Mixed-Supervised Dual-Network for Medical Image Segmentation
This work addresses the high cost of annotation in medical imaging by enabling more efficient training with mixed supervision, though it is incremental as it builds on existing mixed-supervised and multi-task learning frameworks.
The paper tackles the challenge of requiring large, densely annotated datasets for medical image segmentation by proposing a mixed-supervised dual-network (MSDN) that uses both dense segmentations and weak bounding box labels, achieving improved performance over baselines on two datasets.

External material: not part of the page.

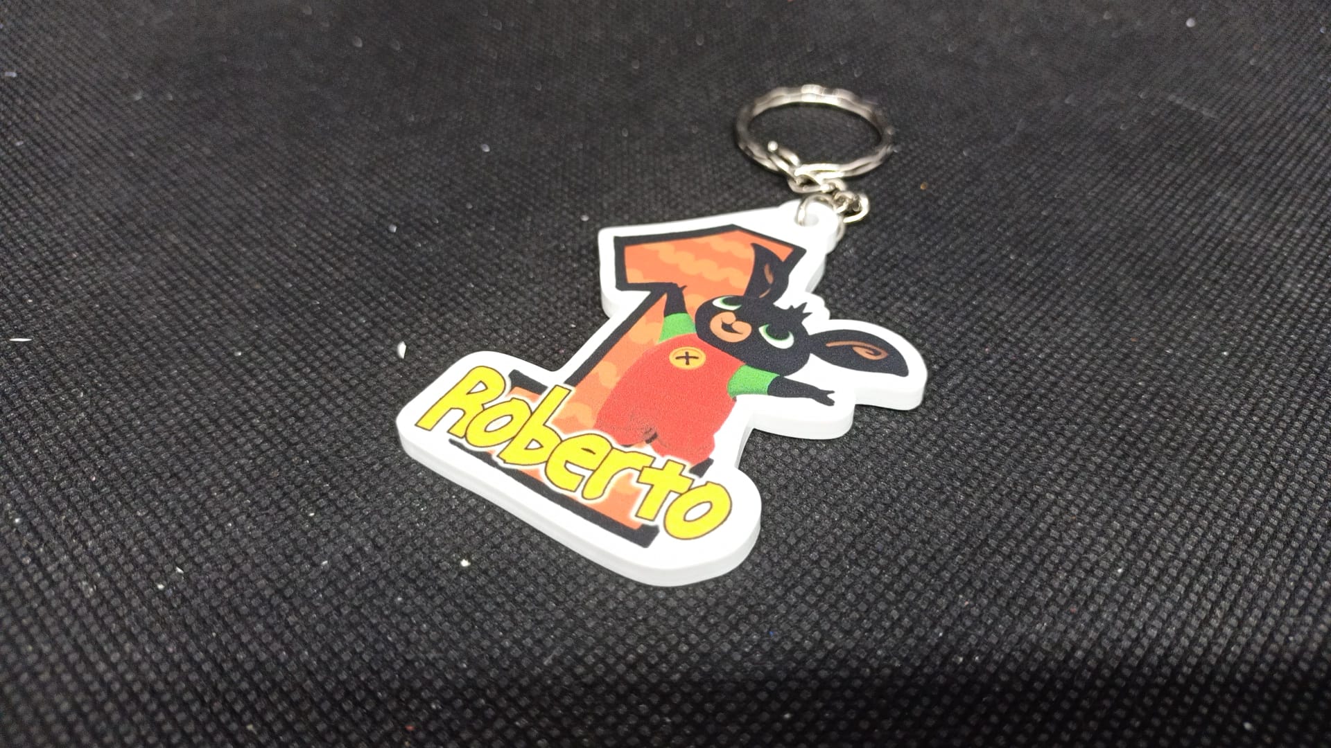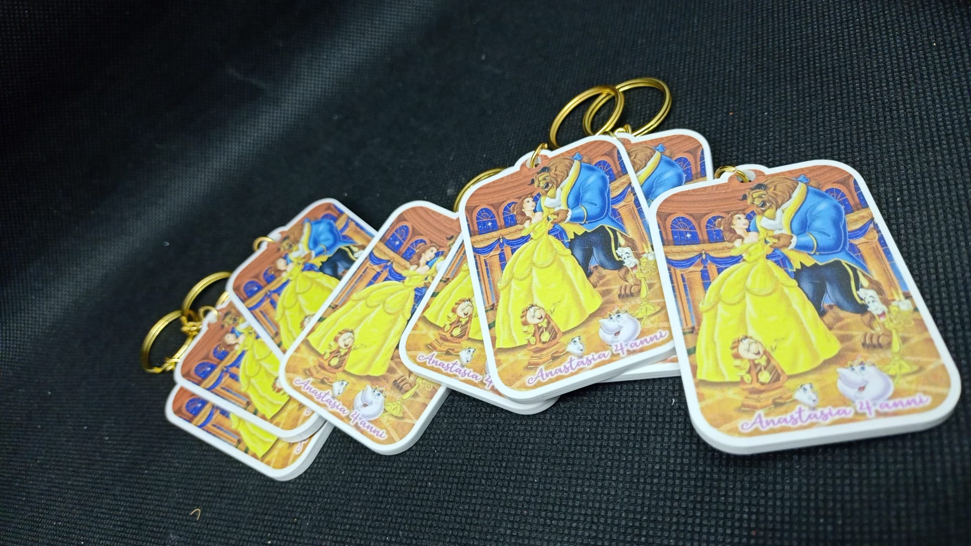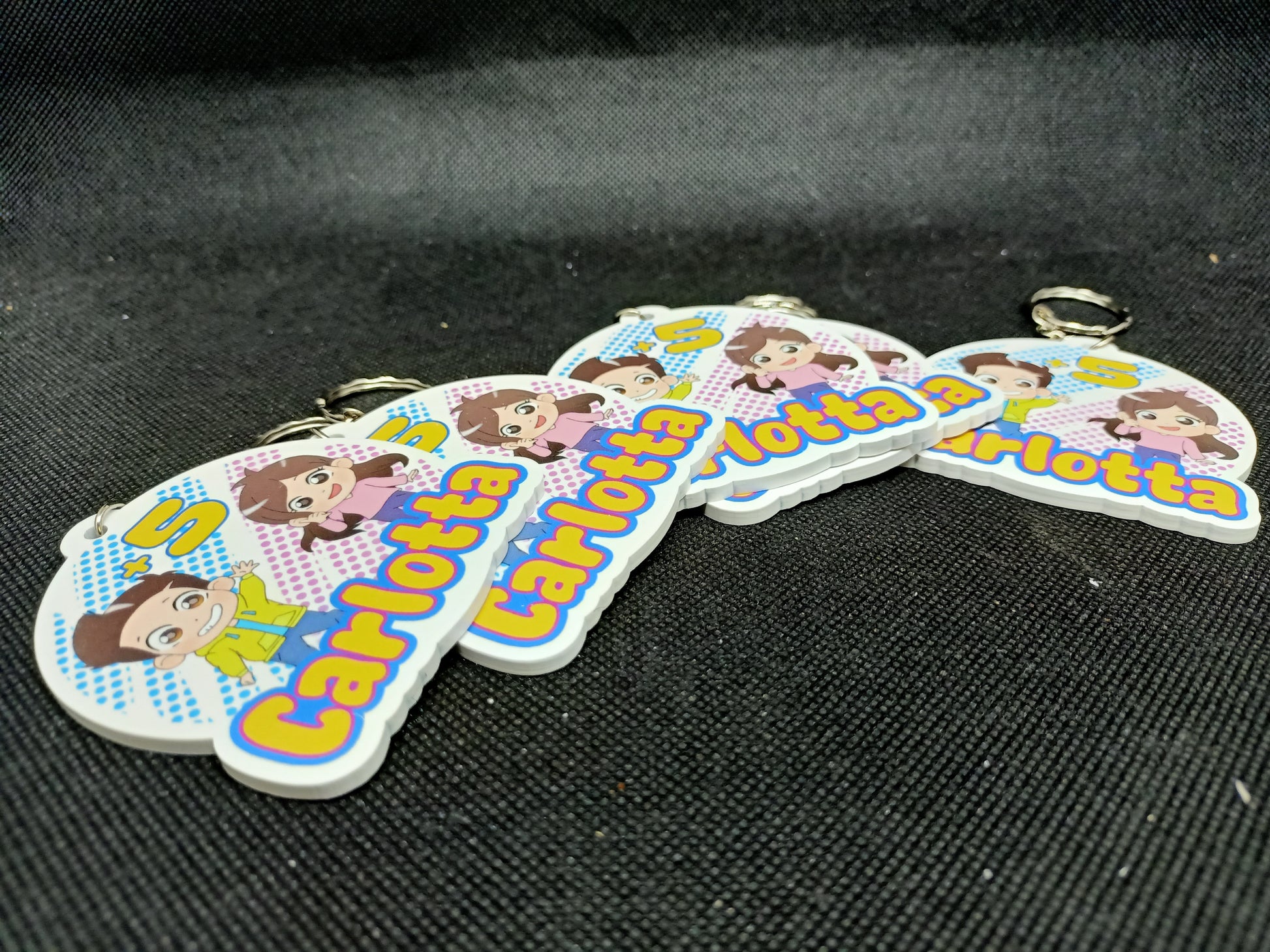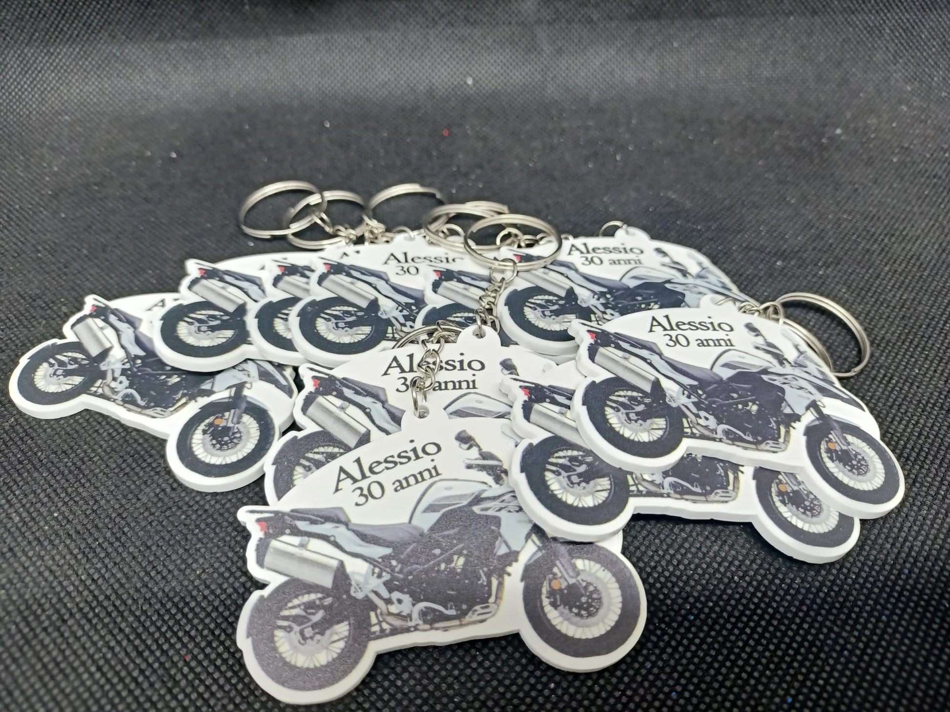 Sagomina con comodo portachiavi in plex bianco, trasparente o legno, personalizzabile con qualsiasi forma o personaggio, anche foto. Stampa diretta su materiale, altezza circa 7 cm, spessore 4mm. Confezione ordinabile a parte

Deep learning based medical image segmentation models usually require large datasets with high-quality dense segmentations to train, which are very time-consuming and expensive to prepare. One way to tackle this challenge is by using the mixed-supervised learning framework, in which only a part of data is densely annotated with segmentation label and the rest is weakly labeled with bounding boxes. The model is trained jointly in a multi-task learning setting. In this paper, we propose Mixed-Supervised Dual-Network (MSDN), a novel architecture which consists of two separate networks for the detection and segmentation tasks respectively, and a series of connection modules between the layers of the two networks. These connection modules are used to transfer useful information from the auxiliary detection task to help the segmentation task. We propose to use a recent technique called "Squeeze and Excitation" in the connection module to boost the transfer. We conduct experiments on two medical image segmentation datasets. The proposed MSDN model outperforms multiple baselines.